Well I just assumed that the new server would blow the socks off the old
one, but to my utter amazement, for some benchmarks it was actually slower.
Are there any tips for creating and scheduling Kernel Threads that I should
be aware of?
Thanks.
On Oct 21, 2005, at 4:41 PM, Neil Weicher wrote:
I have some processor intensive code in my filter driver that I
process with
kernel threads. I ran some benchmark tests on a couple of dual-
processor
servers. The old server has a couple of 700 Pentium III chips,
while the
new server has a couple of 3GHz Pentium IVs with hyperthreading.
Well I just assumed that the new server would blow the socks off
the old
one, but to my utter amazement, for some benchmarks it was actually
slower.
I can’t offer much help other than to suggest using a profiler on
both boxes - that is indeed an interesting result. All other things
being equal (i.e. no code changes, same OS, etc), this surprises me
too. VTune may be useful if this is really intel-specific weirdness.
I’d definitely try profiling, regardless, if you really have CPU-
bound kernel-mode code.
One other change that jumps out is that you have moved from a 2-proc
box to a (pseudo) 4-proc box - you might reevaluate your locking
architecture, but profiling will reveal that if it’s a problem. You
could also try turning off hyperthreading.
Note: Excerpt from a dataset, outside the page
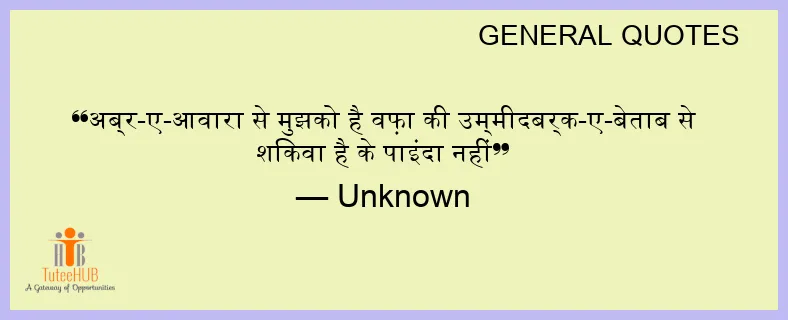 अब्र-ए-आवारा से मुझको है वफ़ा की उम्मीदबर्क-ए-बेताब से शिकवा है के पाइंदा नहीं

Good luck. I’m curious to know what you come up with.
Steve Dispensa
MVP - Windows DDK
www.kernelmustard.com
Sorry - I meant it is a Xeon 3ghz. It has 2MB of L2 cache.
In any case, the processor intensive code is highly optimized assembler.
There must be some assembler code that the Xeon processors do not like.
----- Original Message -----
From: “Steve Dispensa”
To: “Windows File Systems Devs Interest List”
Sent: Friday, October 21, 2005 6:31 PM
Subject: Re: [ntfsd] strange performance results
On Oct 21, 2005, at 4:41 PM, Neil Weicher wrote:
> I have some processor intensive code in my filter driver that I
> process with
> kernel threads. I ran some benchmark tests on a couple of dual-
> processor
> servers. The old server has a couple of 700 Pentium III chips,
> while the
> new server has a couple of 3GHz Pentium IVs with hyperthreading.
>
> Well I just assumed that the new server would blow the socks off
> the old
> one, but to my utter amazement, for some benchmarks it was actually
> slower.
I can’t offer much help other than to suggest using a profiler on
both boxes - that is indeed an interesting result. All other things
being equal (i.e. no code changes, same OS, etc), this surprises me
too. VTune may be useful if this is really intel-specific weirdness.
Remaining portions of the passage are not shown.